1)    A 10 percent income tax, with no loopholes or subsidies, for the top 50 corporations in Illinois for the years 2009 and 2010: $5 – $7 billion. According to information obtained on Forbes.com and the Illinois State Department of Revenue website, the top 50 corporations in Illinois made a combined $48 billion in profit in 2007. Total corporate income tax for Illinois the same year came to $2.2 billion. That’s well below the current 7.3 percent flat tax supposedly collected on corporate income, even if only the top 50 companies are counted. In the average year, monstrous capitalist companies like Boeing, Walgreens, Caterpillar, Sara Lee, Sears, Exelon and McDonalds short change the state tens-of-millions-of-dollars each. Between 2001 and 2003, Boeing made $5.64 billion in profit and paid -$41 million in taxes. That’s right: working people paid Boeing $41 million in tax refunds. In 2009, while hundreds of thousands were losing their homes, Chicago gave United Airlines $50 million to move its offices to the city. Illinois gave UPS $24 million to stay in the state.

2)    A 20 percent income tax for the years of 2008, 2009 and 2010 on Illinois corporations that hide revenues in offshore accounts: $3 billion. According to the U.S. PIRG Education Fund, Illinois companies hide $5 billion a year in offshore tax havens.

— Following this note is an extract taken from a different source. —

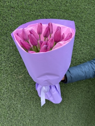 Тюльпан 17 шт, упаковка, лента атласная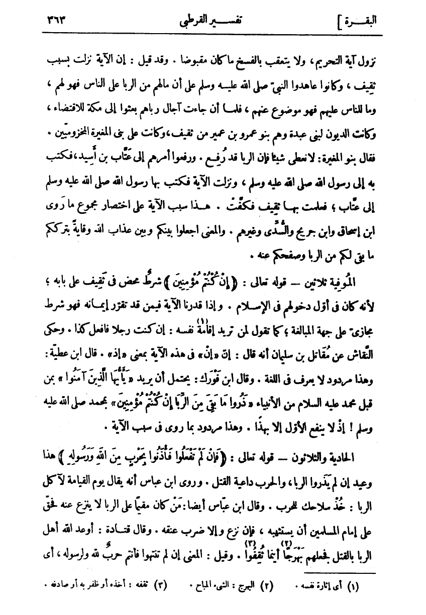 نُزُولِ آيَةِ التَّحْرِيمِ وَلَا يُتَعَقَّبُ بِالْفَسْخِ مَا كَانَ مَقْبُوضًا. وَقَدْ قِيلَ: إِنَّ الْآيَةَ نَزَلَتْ بِسَبَبِ ثَقِيفٍ، وَكَانُوا عَاهَدُوا النَّبِيَّ صَلَّى اللَّهُ عَلَيْهِ وَسَلَّمَ عَلَى أَنَّ مالهم مِنَ الرِّبَا عَلَى النَّاسِ فَهُوَ لَهُمْ، وَمَا لِلنَّاسِ عَلَيْهِمْ فَهُوَ مَوْضُوعٌ عَنْهُمْ، فَلَمَّا أَنْ جَاءَتْ آجَالُ رِبَاهُمْ بَعَثُوا إِلَى مَكَّةَ لِلِاقْتِضَاءِ، وكانت الديون لبنى عبد ة وَهُمْ بَنُو عَمْرِو بْنِ عُمَيْرٍ مِنْ ثَقِيفٍ، وَكَانَتْ عَلَى بَنِي الْمُغِيرَةِ الْمَخْزُومِيِّينَ. فَقَالَ بَنُو الْمُغِيرَةِ: لَا نُعْطِي شَيْئًا فَإِنَّ الرِّبَا قَدْ رُفِعَ وَرَفَعُوا أَمْرَهُمْ إِلَى عَتَّابِ بْنِ أَسِيدٍ، فَكَتَبَ بِهِ إِلَى رَسُولِ اللَّهِ صَلَّى اللَّهُ عَلَيْهِ وَسَلَّمَ، وَنَزَلَتِ الْآيَةُ فَكَتَبَ بِهَا رَسُولُ اللَّهِ صَلَّى اللَّهُ عَلَيْهِ وَسَلَّمَ إِلَى عَتَّابٍ، فَعَلِمَتْ بِهَا ثَقِيفُ فَكَفَّتْ. هَذَا سَبَبُ الْآيَةِ عَلَى اخْتِصَارِ مَجْمُوعِ مَا رَوَى ابْنُ إِسْحَاقَ وَابْنُ جُرَيْجٍ وَالسُّدِّيُّ وَغَيْرُهُمْ. وَالْمَعْنَى اجْعَلُوا بَيْنَكُمْ وَبَيْنَ عَذَابِ اللَّهِ وِقَايَةً بِتَرْكِكُمْ مَا بَقِيَ لَكُمْ مِنَ الرِّبَا وَصَفْحِكُمْ عَنْهُ. الْمُوفِيَةُ ثَلَاثِينَ- قَوْلُهُ تَعَالَى: (إِنْ كُنْتُمْ مُؤْمِنِينَ) شَرْطٌ مَحْضٌ فِي ثَقِيفٍ عَلَى بَابِهِ، لِأَنَّهُ كَانَ فِي أَوَّلِ دُخُولِهِمْ فِي الْإِسْلَامِ. وَإِذَا قَدَّرْنَا الْآيَةَ فِيمَنْ قَدْ تَقَرَّرَ إِيمَانُهُ فَهُوَ شَرْطٌ مَجَازِيٌّ عَلَى جِهَةِ الْمُبَالَغَةِ، كَمَا تَقُولُ لِمَنْ تُرِيدُ إِقَامَةَ «١» نَفْسِهِ: إِنْ كُنْتَ رَجُلًا فَافْعَلْ كَذَا. وَحَكَى النَّقَّاشُ عَنْ مُقَاتِلِ بْنِ سُلَيْمَانَ أَنَّهُ قَالَ: إِنَّ" إِنْ" فِي هَذِهِ الْآيَةِ بِمَعْنَى" إِذْ". قَالَ ابْنُ عَطِيَّةَ: وَهَذَا مَرْدُودٌ لَا يُعْرَفُ فِي اللُّغَةِ. وَقَالَ ابْنُ فَوْرَكٍ: يُحْتَمَلُ أَنْ يُرِيدَ" يَا أَيُّهَا الَّذِينَ آمَنُوا" بِمَنْ قَبْلَ مُحَمَّدٍ عَلَيْهِ السَّلَامُ مِنَ الْأَنْبِيَاءِ" ذَرُوا مَا بَقِيَ مِنَ الرِّبا إِنْ كُنْتُمْ مُؤْمِنِينَ" بِمُحَمَّدٍ صَلَّى اللَّهُ عَلَيْهِ وَسَلَّمَ! إِذْ لَا يَنْفَعُ الْأَوَّلُ إِلَّا بِهَذَا. وَهَذَا مَرْدُودٌ بِمَا روى في سبب الآية. الحادية والثلاثون- قوله تعالى: (فَإِنْ لَمْ تَفْعَلُوا فَأْذَنُوا بِحَرْبٍ مِنَ اللَّهِ وَرَسُولِهِ) هَذَا وَعِيدٌ إِنْ لَمْ يَذَرُوا الرِّبَا، وَالْحَرْبُ دَاعِيَةُ الْقَتْلِ. وَرَوَى ابْنُ عَبَّاسٍ أَنَّهُ يُقَالُ يَوْمَ الْقِيَامَةِ لِآكِلِ الرِّبَا: خُذْ سِلَاحَكَ لِلْحَرْبِ. وَقَالَ ابْنُ عَبَّاسٍ أَيْضًا: مَنْ كَانَ مُقِيمًا عَلَى الرِّبَا لَا يَنْزِعُ عَنْهُ فَحَقَّ على إمام المسلمين أن يستثيبه، فَإِنْ نَزَعَ وَإِلَّا ضَرَبَ عُنُقَهُ. وَقَالَ قَتَادَةُ: أَوْعَدَ اللَّهُ أَهْلَ الرِّبَا بِالْقَتْلِ فَجَعَلَهُمْ بَهْرَجًا «٢» أَيْنَمَا ثُقِفُوا «٣». وَقِيلَ: الْمَعْنَى إِنْ لَمْ تَنْتَهُوا فأنتم حرب لله ولرسوله، أي

3)    Make the rich pay their share of taxes: at least $5.5 billion. In Illinois the top 1 percent, with an average income of $2 million a year, pay 4 percent of their income in personal taxes (income, sales and property taxes). The bottom 20 percent, who make less than $18,000 a year, pay 13 percent of their income in personal taxes. Those who make $18,000 to $36,000 pay 11 percent of their income in personal taxes. Even a modest increase of personal taxes for the rich would take care of any budget “problems” without measurably impacting the wealthy or the corporations. The $5.5 billion figure would result from a modest proposal to increase income taxes for millionaires to 7.5 percent with no exemptions, according to the Institute on Taxation and Economic Policy.
 
We demand that the corporations immediately open all of their books for a full accounting before a corporate tax commission run and staffed by working people, so that corporate income taxes can be accurately assessed and essential services for working people can be saved and expanded.

Public Services are a Right! Education, Equality, Health Care and Jobs are Rights!
Join the Struggle to Stop the Budget Cuts!